El testimonio de un siglo
J.C. Maraddón
Después de la Segunda Guerra Mundial, que dejó un saldo de millones de muertos y abrió paso a una era signada por el fantasma de la hecatombe nuclear, la clase dirigente fue cuestionada por las nuevas generaciones, que buscaban producir cambios radicales para mejorar las condiciones de vida. Mientras los adultos todavía depositaban su confianza en aquellos veteranos líderes que emergieron como administradores de la situación tras el conflicto bélico, sus hijos habían aprendido la lección y abrigaban otros ideales, que alentaban la necesidad de vivir a pleno, ante la posibilidad concreta de que una catástrofe atómica acabara con la vida en el planeta.
El mundo atravesó así un proceso de rejuvenecimiento inesperado, cuando esta nueva camada de chicas y muchachos tomó el toro por las astas y consiguió, por primera vez en la historia, que gente de su edad se convirtiera en una voz influyente en asuntos de enorme trascendencia. Aspectos tan variados como la sexualidad, el trabajo, la convivencia social, la propiedad, la religión y hasta la vestimenta, fueron objeto de discusión por parte de esa insurgencia juvenil nacida entre finales de los años cincuenta y comienzos de los sesenta, cuyo legado perdura hasta nuestros días.
La música fue la expresión artística que mejor canalizó esa energía, y en especial los intérpretes de rock se constituyeron en abanderados de un ideario con el que comulgaban millones de personas, algunas de ellas impulsadas en sus creencias por el mensaje que les transmitían sus ídolos. Si bien hubo otros géneros que se plegaron al fenómeno y supieron asumir posturas acordes a las circunstancias, no cabe duda de que fue la comunidad rockera la encargada de infundir en su público ese espíritu de lucha por mayores libertades que sacudía a la humanidad y que iba a plasmarse en acontecimientos políticos de relevancia.
Pero no sólo el panorama musical se vio alterado por ese clima de época: casi todos los géneros del arte fueron sensibles a lo que estaba ocurriendo y dieron a luz movimientos en los que las ideas renovadoras se tradujeron en tendencias vanguardistas que profundizaban las rupturas con lo establecido. Las artes plásticas y escénicas, el cine, la danza y la literatura, por nombrar sólo algunas áreas creativas, cobijaron a los protagonistas de un disrupción generalizada, de esas que solo las convulsiones revolucionarias son capaces de engendrar y de alentar en su ascenso a la consideración masiva.

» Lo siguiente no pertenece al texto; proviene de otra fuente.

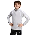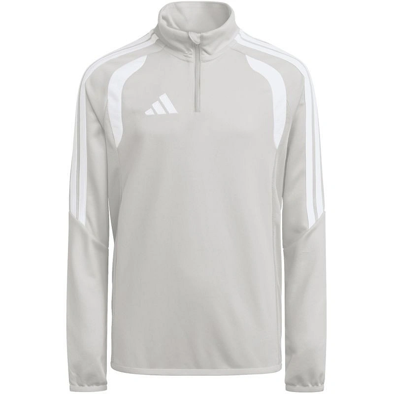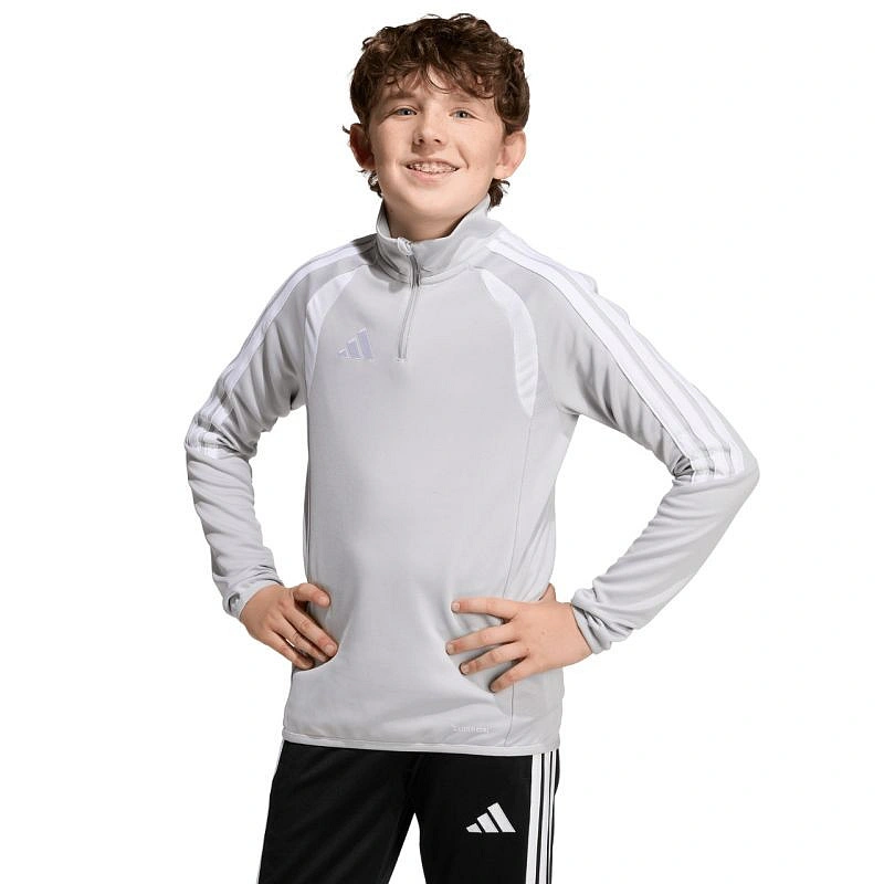 Dětská fotbalová mikina adidas Tiro 26 League Training Top šedá KC3695 Tato dětská fotbalová mikina adidas je ideální na trénink. Zakončená nášivkou na ochranu brady, zapínání na krátký zip. Přizpůsobený střih. Technologie Climacool je funkční řešení, které vás udrží v chladu a suchu a umožní vám soustředit se na hru. Spodní část a manžety zakončené elastickým lemováním. Kontrastní síťované vsadky. Pruhy na rukávech. Jemné logo na hrudi. Materiál: 100% recyklovaný polyester.

Como parte de ese contexto, en Latinoamérica estalló un boom literario tan sorprendente como calificado, con el surgimiento de autores nacidos en este continente que, sin rechazar la herencia cultural recibida, la adecuaban a un formato que no tardó demasiado en seducir a lectores del mercado global. Acunados por ese universo en ebullición, publicaron sus textos iniciales montados sobre un escenario favorable a las audacias que propiciaban en su prosa, haciendo alarde de un soberbio uso de los recursos disponibles. Todos se rindieron frente a esa corriente a la que algunos comenzaron a denominar “realismo mágico”.
Aunque supo ser rotulado bajo esa categoría, el peruano Mario Vargas Llosa renegó de esa pertenencia, de la misma manera que fue abandonando sus posiciones favorables a la epopeya sesentista, para adherir a posturas mucho más conservadoras. Tal vez por eso se postergó su merecida condecoración con el Premio Nobel de Literatura, que recién le llegó en 2010. Su fallecimiento, ocurrido el domingo pasado a los 89 años, reaviva las polémicas en torno a esa evolución personal que casualmente acompañó la de cierta opinión pública, más proclive hoy al status quo. Lejos, muy lejos de los vaivenes ideológicos, su obra se erige como un sólido testimonio de aquel ya lejano siglo veinte.